I know that I need mean and s.d to find the interval, however, what if the question is:
For a survey of 1,000 randomly chosen workers, 520 of them are female. Create a 95% confidence interval for the proportion of workers who are female based on the survey.
How do I find mean and s.d for that?
You can also use prop.test from package stats, or binom.test
prop.test(x, n, conf.level=0.95, correct = FALSE)
1-sample proportions test without continuity correction
data: x out of n, null probability 0.5
X-squared = 1.6, df = 1, p-value = 0.2059
alternative hypothesis: true p is not equal to 0.5
95 percent confidence interval:
0.4890177 0.5508292
sample estimates:
p
0.52
You may find interesting this article, where in Table 1 on page 861 are given different confidence intervals, for a single proportion, calculated using seven methods (for selected combinations of n and r). Using prop.test you can get the results found in rows 3 and 4 of the table, while binom.test returns what you see in row 5.
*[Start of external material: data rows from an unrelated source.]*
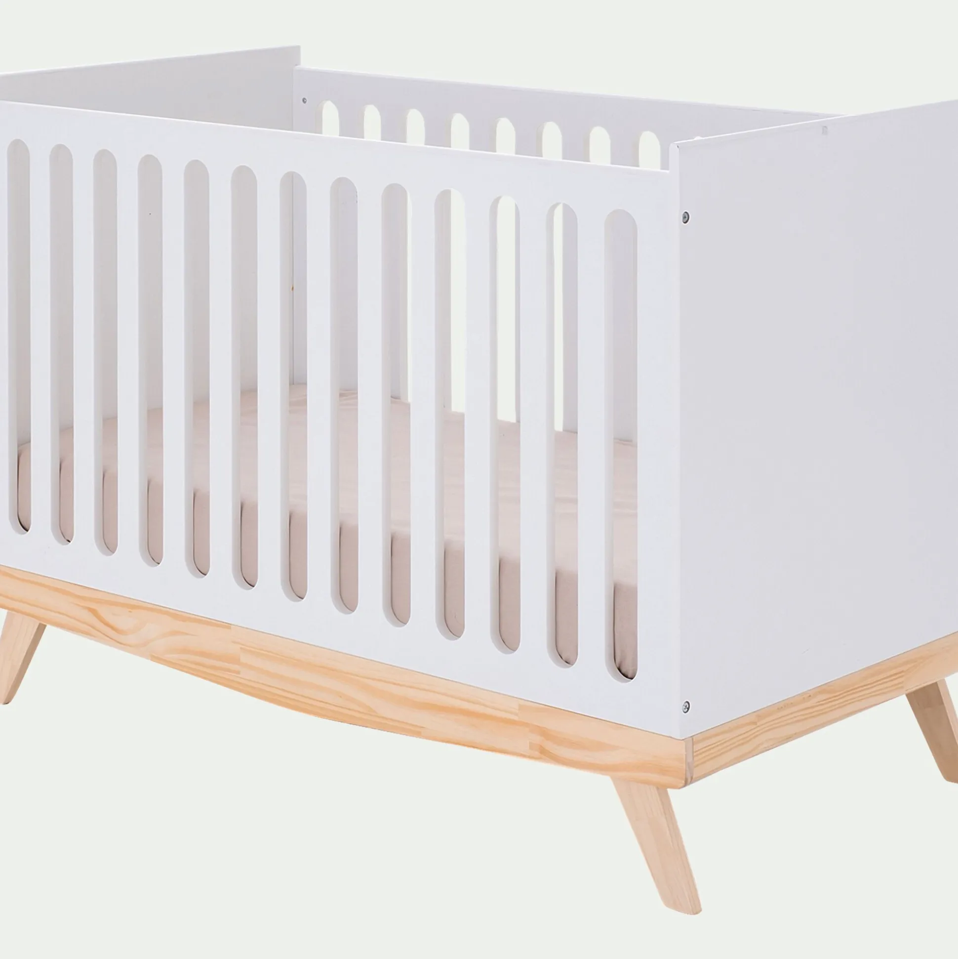 Le lit bébé Anaé mêle bois naturel et barreaux blancs pour créer un cocon doux, chaleureux et facile à intégrer dans une chambre mixte. Son design épuré et ses teintes lumineuses en font un essentiel au style intemporel. Pratique, il s’adapte à la croissance de bébé grâce à son sommier réglable sur deux hauteurs : en position haute pour les premiers mois, puis en position basse quand l’enfant commence à se redresser. Un lit à barreaux pratique et esthétique, pensé pour accompagner les premiers instants de vie en toute sérénité.
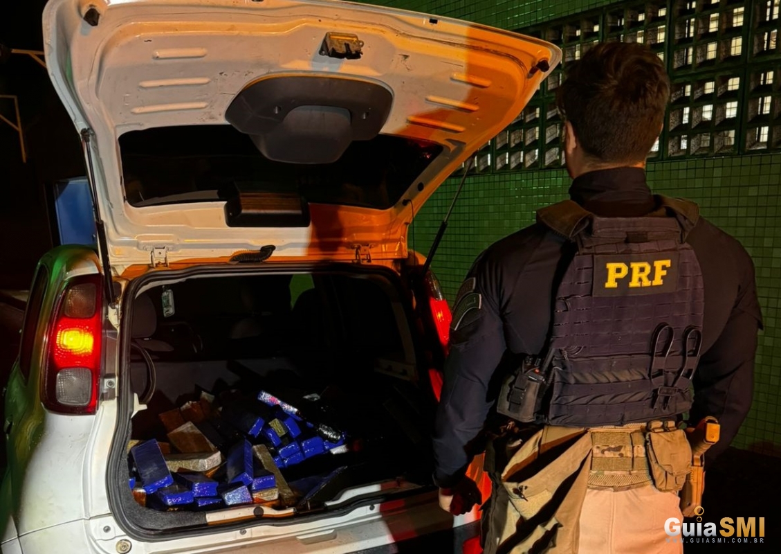 No interior do veículo foram encontrados diversos tabletes de maconha. A fiscalização também revelou que as placas do carro estavam adulteradas. O veículo original foi identificado como um Fiat Uno, com características semelhantes ao automóvel apreendido, mas sem registro de furto ou roubo.
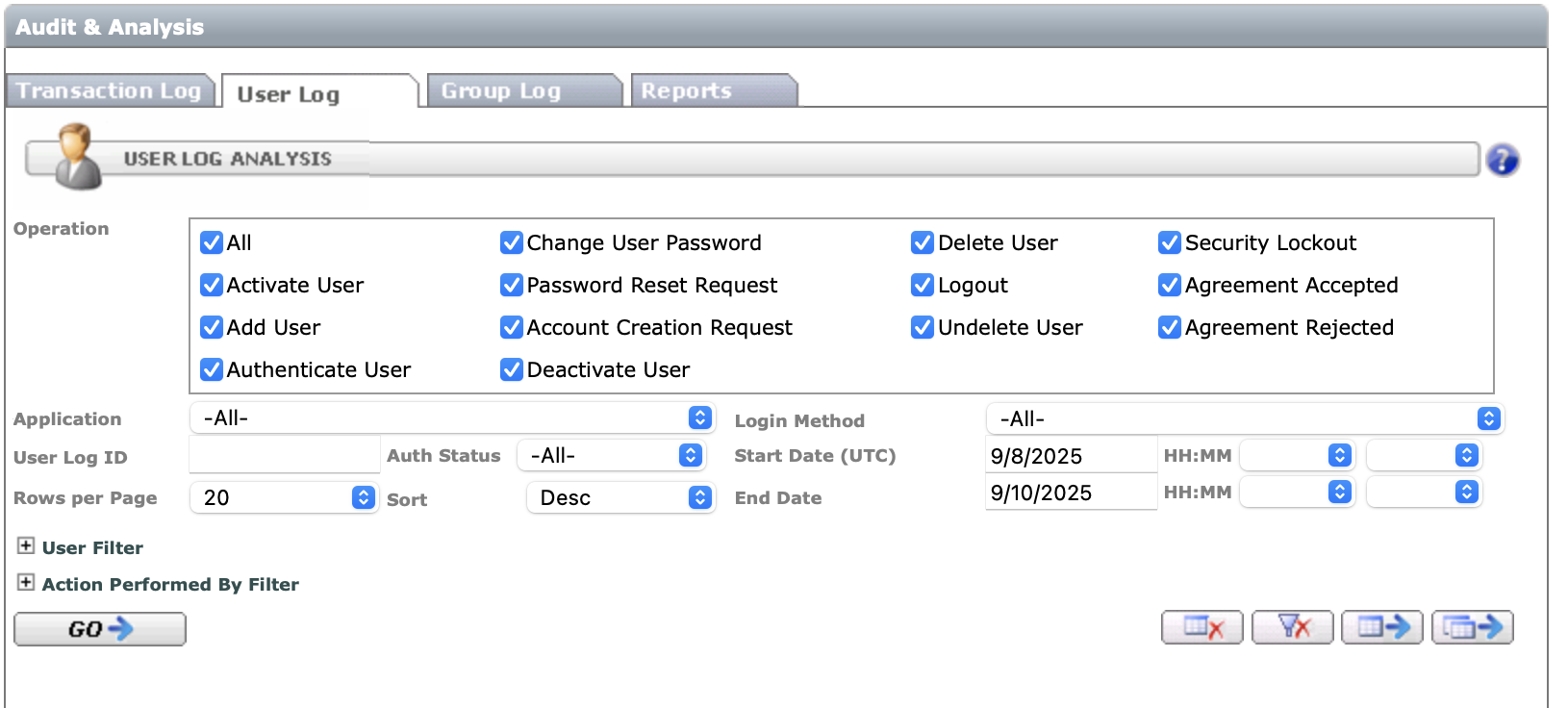 You can filter by an ID to access a log entry directly. - Operation Date/Time (UTC) – Operation creation date range.
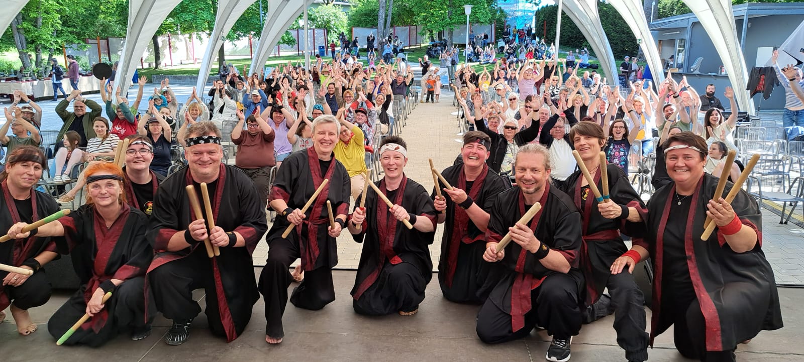 Alle Workshopteilnehmer:innen treten auf und zeigen, was sie gelernt haben. Dazu kommen noch Beiträge von Workshopleiter:innen, Gästen und von Hibiki Daiko e.V..
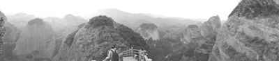 爬八角寨,登云台山,远眺云海群峰。自湖南新宁县崀山镇的石级稍缓,级数亦不多;从梅溪步入则不同,台阶掩藏于竹木深处,皆搭建在陡峭的岩石边上,登高转弯,然后再转弯登高,沿途有几处凉亭,供老人小孩等体力不支者歇脚休整。也有猎奇心极强,寻求刺激的游客从崀山镇骑马登高,精瘦结实的马匹沉着有力,其“笃笃”声响,一路洒落;在临崖或转弯处,马主人用竹木做成栅栏,游客皆觉有惊无险。
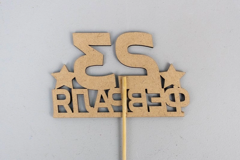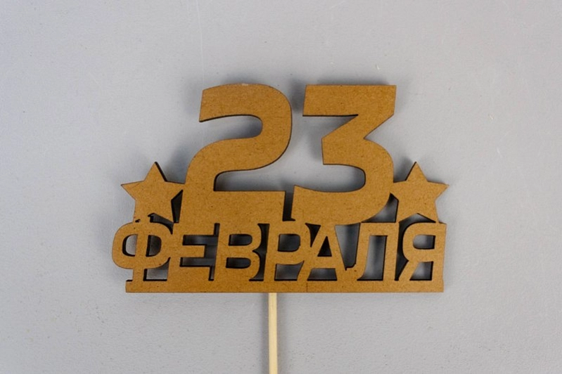 Топпер "23 февраля" (10*28) МДФ, окрашен. морилкой, на шпажке, Дуб, 1 шт.
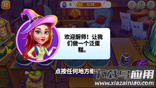 1、进入万圣节烹饪餐厅游戏,点击页面继续
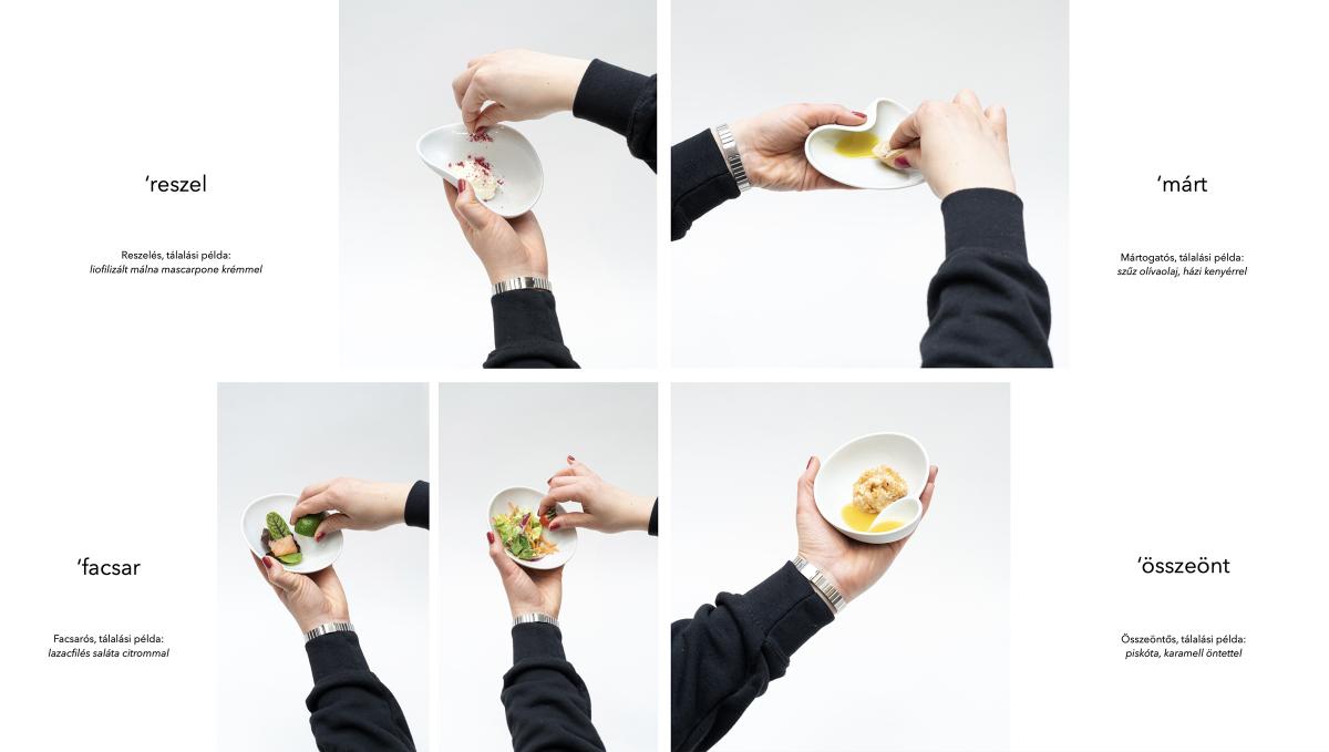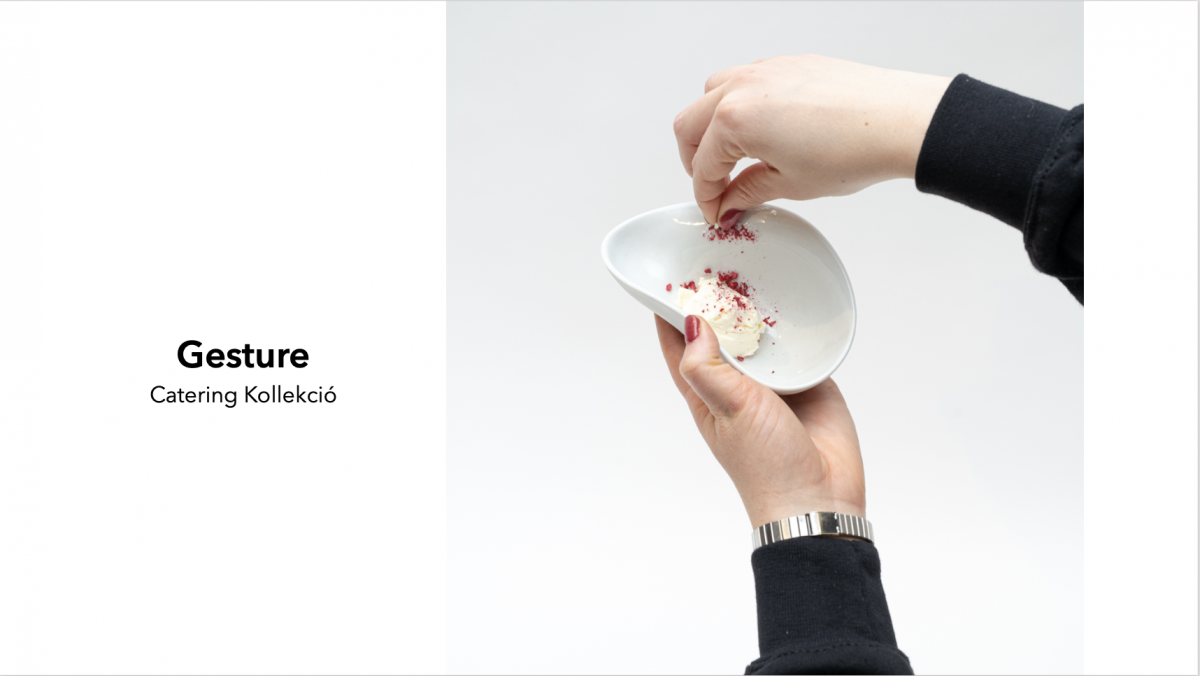 hangulatát. A Gesture tálaló tárgyak formai karakterjegyeit az étel elkészítésének gesztusai határozzák meg. Az egyes darabok segítenek az olyan ételek felszolgálásában ahol az étel különleges tálalást igényel, például az előre elkészített falatok és szószok így egy tányéron tudnak megjelenni, anélkül hogy érintkeznének egymással.

In this case, you have binomial distribution, so you will be calculating binomial proportion confidence interval.
In R, you can use binconf() from package Hmisc
> binconf(x=520, n=1000)
PointEst Lower Upper
0.52 0.4890177 0.5508292
Or you can calculate it yourself:
> p <- 520/1000
> p + c(-qnorm(0.975),qnorm(0.975))*sqrt((1/1000)*p*(1-p))
[1] 0.4890345 0.5509655
Alternatively, use function propCI from the prevalence package, to get the five most commonly used binomial confidence intervals:
> library(prevalence)
> propCI(x = 520, n = 1000)
x n p method level lower upper
1 520 1000 0.52 agresti.coull 0.95 0.4890176 0.5508293
2 520 1000 0.52 exact 0.95 0.4885149 0.5513671
3 520 1000 0.52 jeffreys 0.95 0.4890147 0.5508698
4 520 1000 0.52 wald 0.95 0.4890351 0.5509649
5 520 1000 0.52 wilson 0.95 0.4890177 0.5508292
Another package: tolerance will calculate confidence / tolerance ranges for a ton of typical distribution functions.